Modulation of the input-output function by GABAA receptor-mediated currents in rat oculomotor nucleus motoneurons

doi:10.1113/jphysiol.2014.276576

. 2014 Nov 15;592(22):5047-64.

doi: 10.1113/jphysiol.2014.276576. Epub 2014 Sep 5.

Modulation of the input-output function by GABAA receptor-mediated currents in rat oculomotor nucleus motoneurons

Julio Torres-Torrelo¹, Blas Torres¹, Livia Carrascal²

Affiliations

¹ Department of Physiology, University of Seville, Seville, Spain.
² Department of Physiology, University of Seville, Seville, Spain livia@us.es.

PMID: 25194049
PMCID: PMC4259542
DOI: 10.1113/jphysiol.2014.276576

Modulation of the input-output function by GABAA receptor-mediated currents in rat oculomotor nucleus motoneurons

Julio Torres-Torrelo et al. J Physiol. 2014.

. 2014 Nov 15;592(22):5047-64.

doi: 10.1113/jphysiol.2014.276576. Epub 2014 Sep 5.

Authors

Julio Torres-Torrelo¹, Blas Torres¹, Livia Carrascal²

Affiliations

¹ Department of Physiology, University of Seville, Seville, Spain.
² Department of Physiology, University of Seville, Seville, Spain livia@us.es.

PMID: 25194049
PMCID: PMC4259542
DOI: 10.1113/jphysiol.2014.276576

Abstract

The neuronal input-output function depends on recruitment threshold and gain of the firing frequency-current (f-I) relationship. These two parameters are positively correlated in ocular motoneurons (MNs) recorded in alert preparation and inhibitory inputs could contribute to this correlation. Phasic inhibition mediated by γ-amino butyric acid (GABA) occurs when a high concentration of GABA at the synaptic cleft activates postsynaptic GABAA receptors, allowing neuronal information transfer.
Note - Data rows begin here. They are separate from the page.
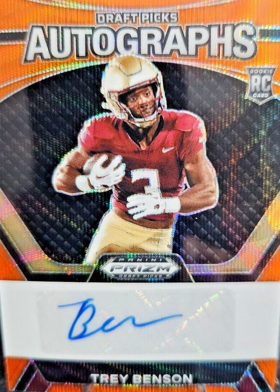 The Trey Benson 2024 Prizm Draft Picks #DPA-TBN Draft Picks Autographs - Orange Wave (/75) Rookie card in Raw condition has not changed in price in the last 30 days and was last sold for $10.00 .
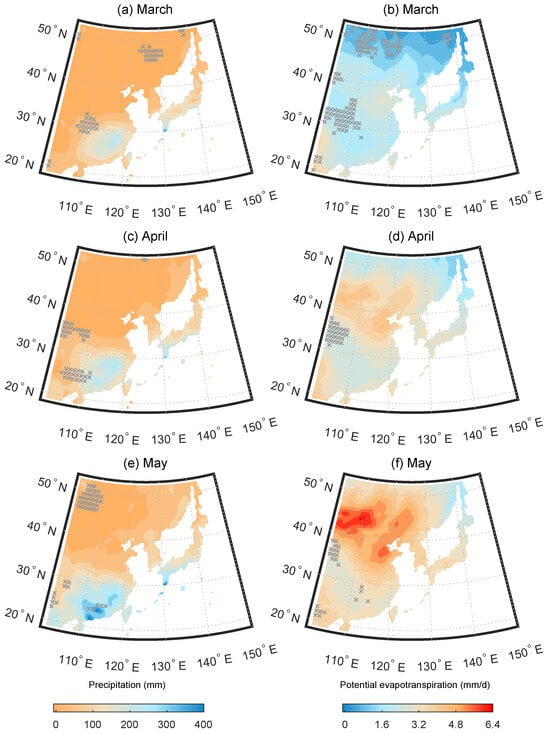 The average precipitation (a,c,e) and potential evapotranspiration (b,d,f) in March, April, and May from 1979 to 2022. The stippling indicates the grids with nonstationary precipitation and potential evapotranspiration time series at the significance levels based on the ADF test.
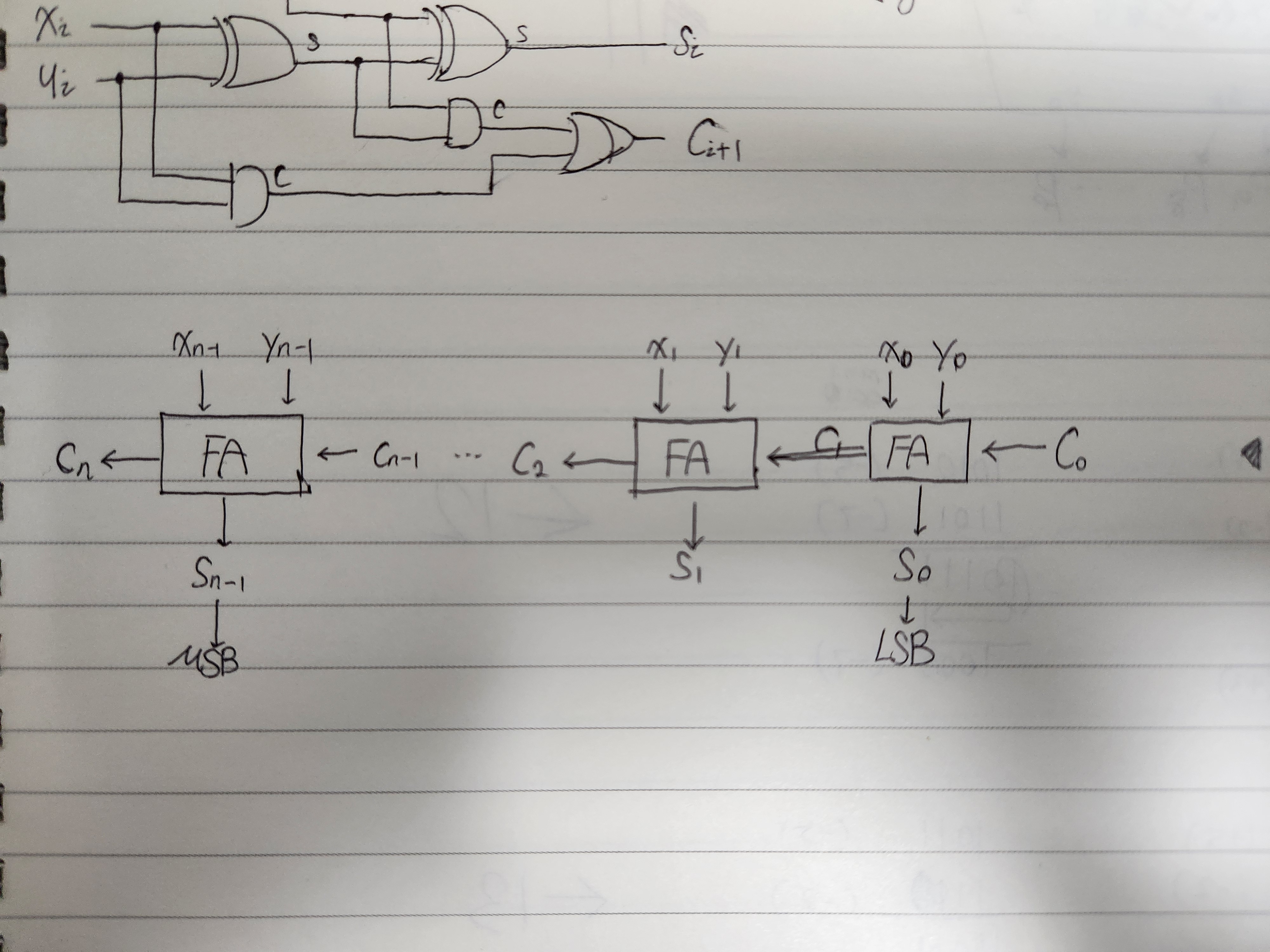 다시 한 번 생각해보면, 0번째 비트, 그러니까 맨 오른쪽 비트는 어차피 올림수가 발생하지 않으므로 반가산기로 처리가능하다. 그 후, i번째 비트에서는 올림수가 발생할 수 있으므로 반가산기로 처리할 수 없다. 또한 i번째 비트에서는 xi + yi 뿐 아니라 올림수 ci 도 덧셈에 참여한다.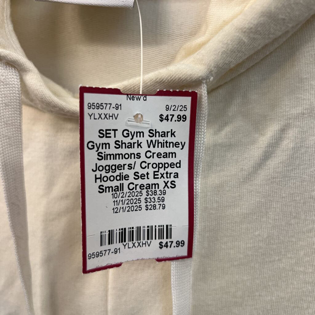 Gym Shark Whitney Simmons Cream Joggers/ Cropped Hoodie Set Extra Small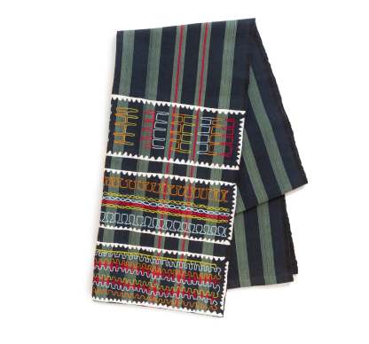 This hand-embroidered scarf is the only wearable piece in The Met x Bol�� Road Textiles collection��a contemporary interpretation of a richly adorned woman��s wrapper from Niger in the Museum��s holdings. The original textile, created in the 20th century by the Wodaabe-Fulani peoples, stood out for its vivid embroidery and symbolic importance, as it was worn during ceremonial gatherings and celebrations.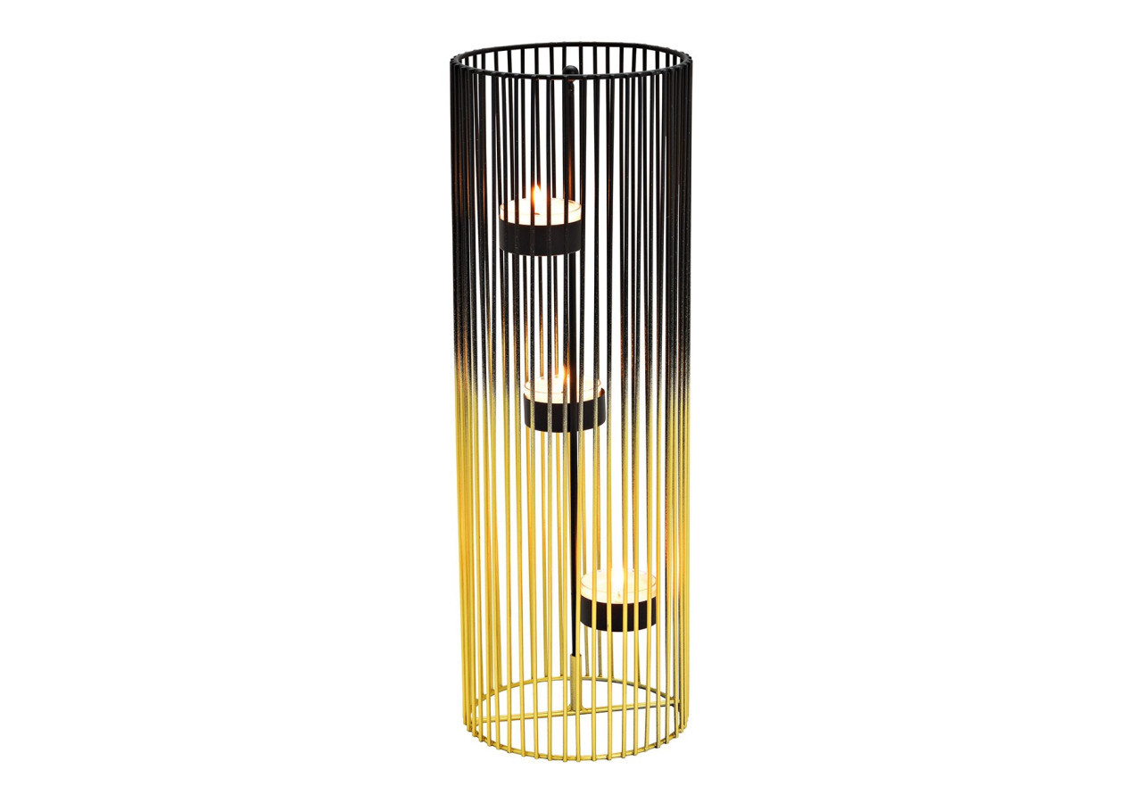 Apportez une touche d'élégance à votre intérieur avec ce support à bougies en métal noir et or. Mesurant 12x34x12cm, il est parfait pour créer une ambiance chaleureuse lors de vos soirées.

In some neuronal populations, low concentrations of GABA activate non-synaptic GABAA receptors and generate a tonic inhibition, which modulates cell excitability. This study determined how ambient GABA concentrations modulate the input-output relationship of rat oculomotor nucleus MNs. Superfusion of brain slices with GABA (100 μm) produced a GABAA receptor-mediated current that reduced the input resistance, increased the recruitment threshold and shifted the f-I relationship rightward without any change in gain. These modifications did not depend on MN size. In absence of exogenous GABA, gabazine (20 μm; antagonist of GABAA receptors) abolished spontaneous inhibitory postsynaptic currents and revealed a tonic current in MNs. Gabazine increased input resistance and decreased recruitment threshold mainly in larger MNs. The f-I relationship shifted to the left, without any change in gain. Gabazine effects were chiefly due to MN tonic inhibition because tonic current amplitude was five-fold greater than phasic. This study demonstrates a tonic inhibition in ocular MNs that modulates cell excitability depending on cell size. We suggest that GABAA tonic inhibition acting concurrently with glutamate receptors activation could reproduce the positive covariation between threshold and gain reported in alert preparation.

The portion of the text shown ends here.